## SOURCE DATA
■ ■ ■ ■ ■

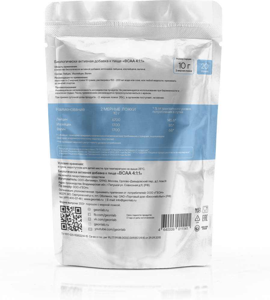 Geon Комплекс аминокислотный BCAAВ данный момент этот товар отсутствует в продаже. Возможно, у нас найдется аналогичный или похожий товар здесь. В состав ВСАА 411 входят только три ингредиента: лейцин, валин и изолейцин, взятые в соотношении 4:1:1. ВСАА эффективно борются с катаболизмом, уменьшают мышечные боли, способствуют росту мышечных волокон, быстрому восстановлению организма после тренировки. При употреблении ВСАА с углеводами значительно увеличивается выработка собственного инсулина, являющегося анаболическим гормоном. ВСАА 411 отличаются исключительной чистотой. В состав продукта не входят никакие балластные вещества, в результате, приобретая ВСАА 411 вы платите именно за чистые ВСАА. |
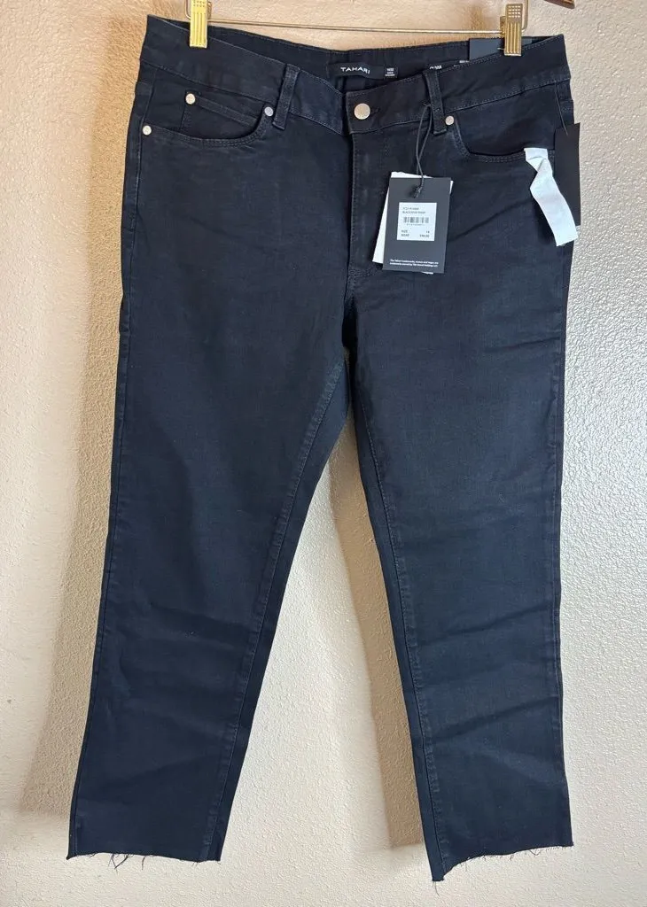 Elevate your denim collection with these Tahari Kelly jeans in timeless black. The mid-rise, slim straight fit flatters your silhouette while the 5-pocket design provides ample storage space for your essentials. The zipper and button closure, accented with a button and zipper, adds a touch of sophistication to the overall look. Crafted from high-quality denim fabric that is both durable and machine washable, these jeans are perfect for everyday wear. The dark wash and solid pattern make them versatile enough to pair with any top, while the accents and features, such as the slimming effect, add a touch of uniqueness. Ideal for women who want to look and feel great in their jeans, this Tahari model is a must-have for any wardrobe.
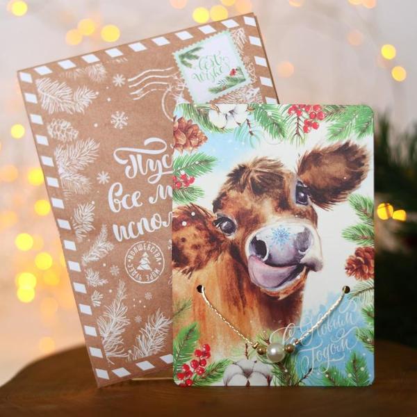 Кулон новогодний "Предсказание" жемчужина, цвет белый, цвет золотистый, 45 см
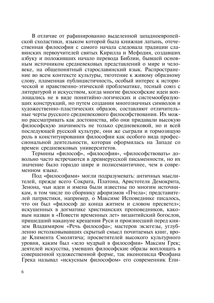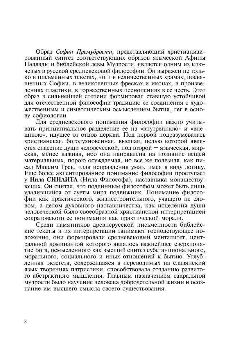 В пособии излагаются основы курса отечественной философской мысли от ее зарождения после крещения Руси до современности. Первый раздел посвящен философской мысли допетровского времени, включая эпоху барокко ХVII в., второй – ХVIII столетию, третий – важнейшим течениям ХIХ века, четвертый представляет краткое введение в историю русской философии ХХ века. Тысячелетний путь эволюции отечественного мышления рассматривается как единый, непрерывный процесс с присущими ему характеристиками: повышенным интересом к моральной, антропологической, историософской проблематике, учительной и просветительской направленностью, стремлением выражать идеи более в пластичной, нежели дискуссионной форме, многовариантностью развития.

■ ■ ■ ■ ■

## TASK DESCRIPTION
All of the lines above should be printed exactly, minus the pictures.

## OUTPUT OF THE EXERCISE
 Geon Комплекс аминокислотный BCAAВ данный момент этот товар отсутствует в продаже. Возможно, у нас найдется аналогичный или похожий товар здесь. В состав ВСАА 411 входят только три ингредиента: лейцин, валин и изолейцин, взятые в соотношении 4:1:1. ВСАА эффективно борются с катаболизмом, уменьшают мышечные боли, способствуют росту мышечных волокон, быстрому восстановлению организма после тренировки. При употреблении ВСАА с углеводами значительно увеличивается выработка собственного инсулина, являющегося анаболическим гормоном. ВСАА 411 отличаются исключительной чистотой. В состав продукта не входят никакие балластные вещества, в результате, приобретая ВСАА 411 вы платите именно за чистые ВСАА. |
 Elevate your denim collection with these Tahari Kelly jeans in timeless black. The mid-rise, slim straight fit flatters your silhouette while the 5-pocket design provides ample storage space for your essentials. The zipper and button closure, accented with a button and zipper, adds a touch of sophistication to the overall look. Crafted from high-quality denim fabric that is both durable and machine washable, these jeans are perfect for everyday wear. The dark wash and solid pattern make them versatile enough to pair with any top, while the accents and features, such as the slimming effect, add a touch of uniqueness. Ideal for women who want to look and feel great in their jeans, this Tahari model is a must-have for any wardrobe.
 Кулон новогодний "Предсказание" жемчужина, цвет белый, цвет золотистый, 45 см
 В пособии излагаются основы курса отечественной философской мысли от ее зарождения после крещения Руси до современности. Первый раздел посвящен философской мысли допетровского времени, включая эпоху барокко ХVII в., второй – ХVIII столетию, третий – важнейшим течениям ХIХ века, четвертый представляет краткое введение в историю русской философии ХХ века. Тысячелетний путь эволюции отечественного мышления рассматривается как единый, непрерывный процесс с присущими ему характеристиками: повышенным интересом к моральной, антропологической, историософской проблематике, учительной и просветительской направленностью, стремлением выражать идеи более в пластичной, нежели дискуссионной форме, многовариантностью развития.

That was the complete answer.